Exercise goal:
Output exactly the lines that come between the start of the material and the line containing "去年12月2日,一件不幸的事", both ends included, with the pictures omitted.

Extracted records:

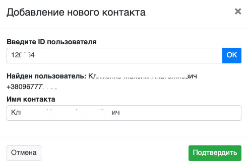 У вікно, що відкрилося (Рис. 85), Ви вводите id користувача і натискаєте ок, якщо такий користувач існує, система видасть Вам його ім'я, запропонує можливість підписати його так як Вам зручно, виконавши всі дії після натискання клавіші «ОК» користувача буде додано в список «Мої контакти» (Рис. 86).
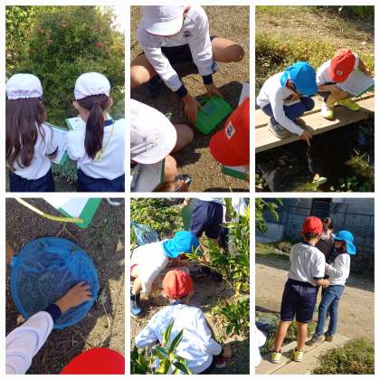 瓜破北幼稚園の園庭は、生活科の素材の宝庫です。
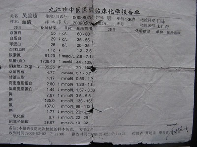 去年12月2日,一件不幸的事情突然降临到这个家庭,吴先山闻及此事,当即老泪纵横,连说“不可能,不可能,这不可能啊!”原来,在上海打工的媳妇打电话回来说儿子吴宜超得了难治之症:尿毒症!必须在医院住院透析治疗,如果配型成功的话,最好换肾,但费用至少要30万元!媳妇带着哭腔的电话令一家人情绪沮丧,家里老老少少哭的哭,叹气的叹气,在刚接到这个消息的那段时间里,整个家就像天塌下来了一样,好像一切都完了,没有希望了。
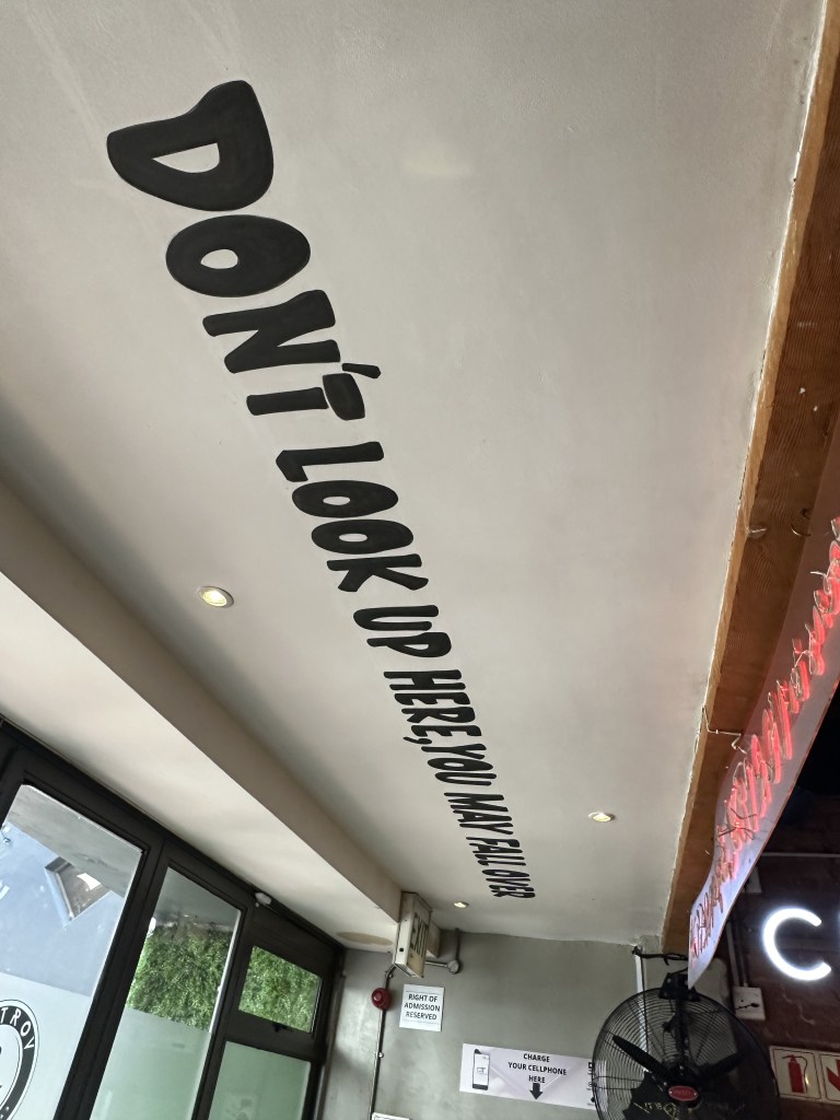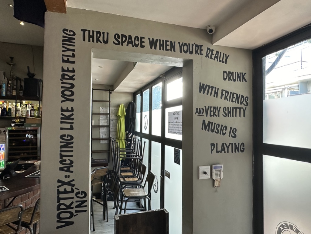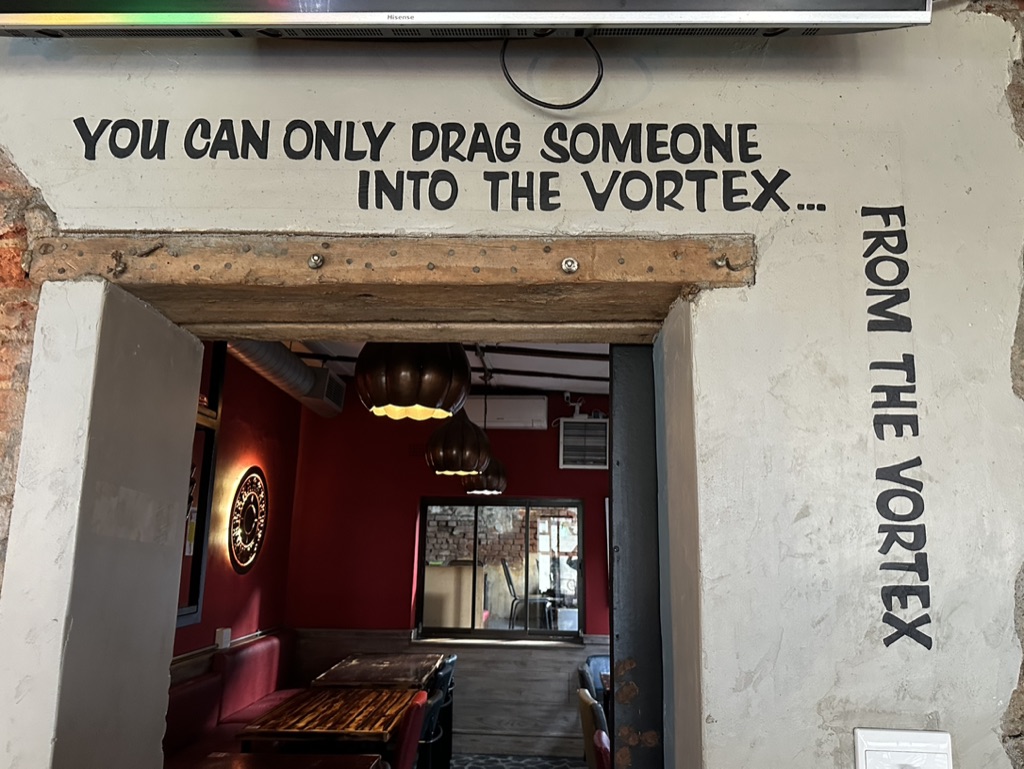 One of key brand elements are the neon sign range and options which exist within Vortex along with painted quotes, around various key locations, on walls, plus location identity signs on doorways etc.
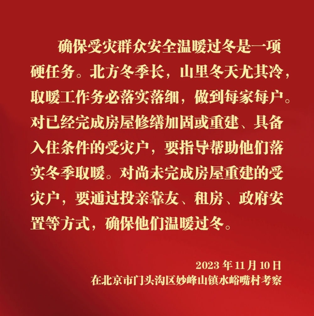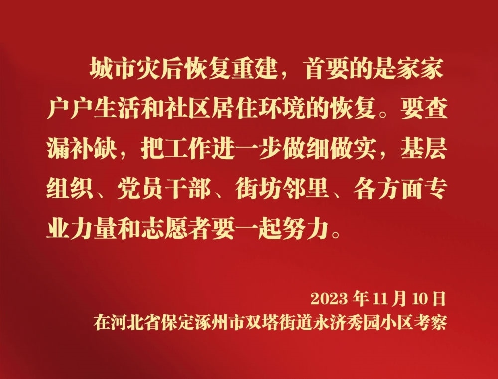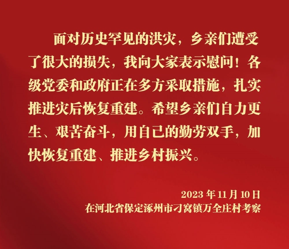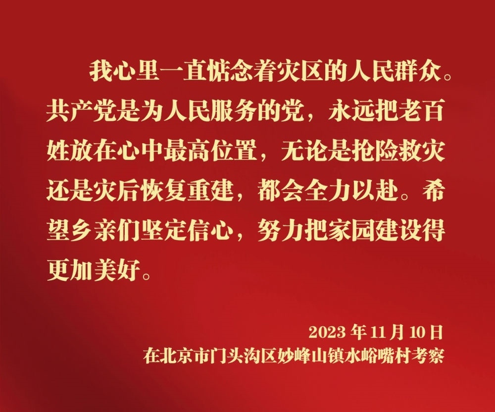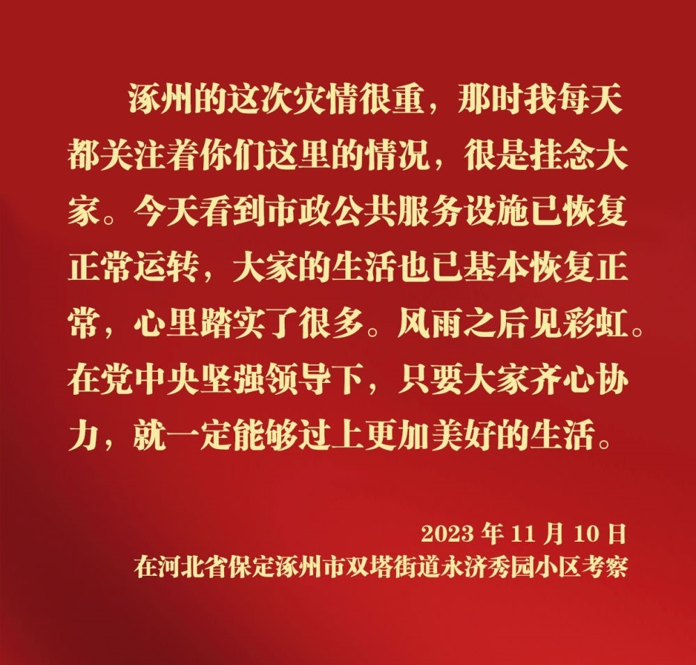 11月10日,中共中央總書記、國家主席、中央軍委主席習(xí)近平在北京、河北考察災(zāi)后恢復(fù)重建工作。他先后來到門頭溝、保定等地,實地了解災(zāi)后恢復(fù)重建情況。
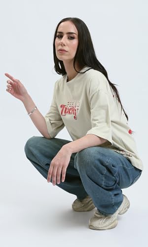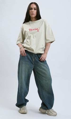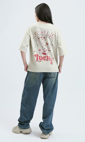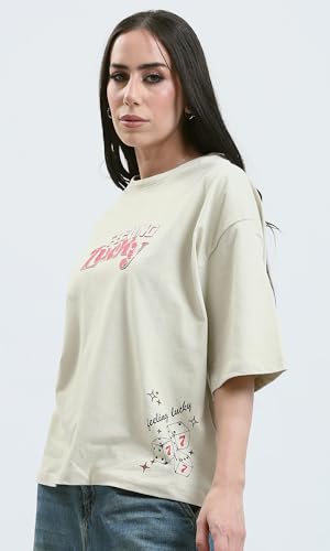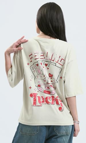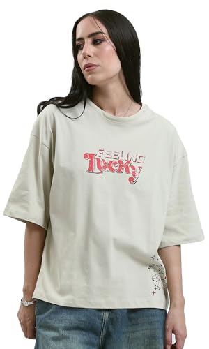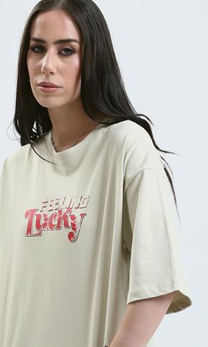 Ravin - تيشرت عصري بقصة مريحة مطبوع عليه "Feeling Lucky" حريمي من ريفين

Output for this exercise:
 У вікно, що відкрилося (Рис. 85), Ви вводите id користувача і натискаєте ок, якщо такий користувач існує, система видасть Вам його ім'я, запропонує можливість підписати його так як Вам зручно, виконавши всі дії після натискання клавіші «ОК» користувача буде додано в список «Мої контакти» (Рис. 86).
 瓜破北幼稚園の園庭は、生活科の素材の宝庫です。
 去年12月2日,一件不幸的事情突然降临到这个家庭,吴先山闻及此事,当即老泪纵横,连说“不可能,不可能,这不可能啊!”原来,在上海打工的媳妇打电话回来说儿子吴宜超得了难治之症:尿毒症!必须在医院住院透析治疗,如果配型成功的话,最好换肾,但费用至少要30万元!媳妇带着哭腔的电话令一家人情绪沮丧,家里老老少少哭的哭,叹气的叹气,在刚接到这个消息的那段时间里,整个家就像天塌下来了一样,好像一切都完了,没有希望了。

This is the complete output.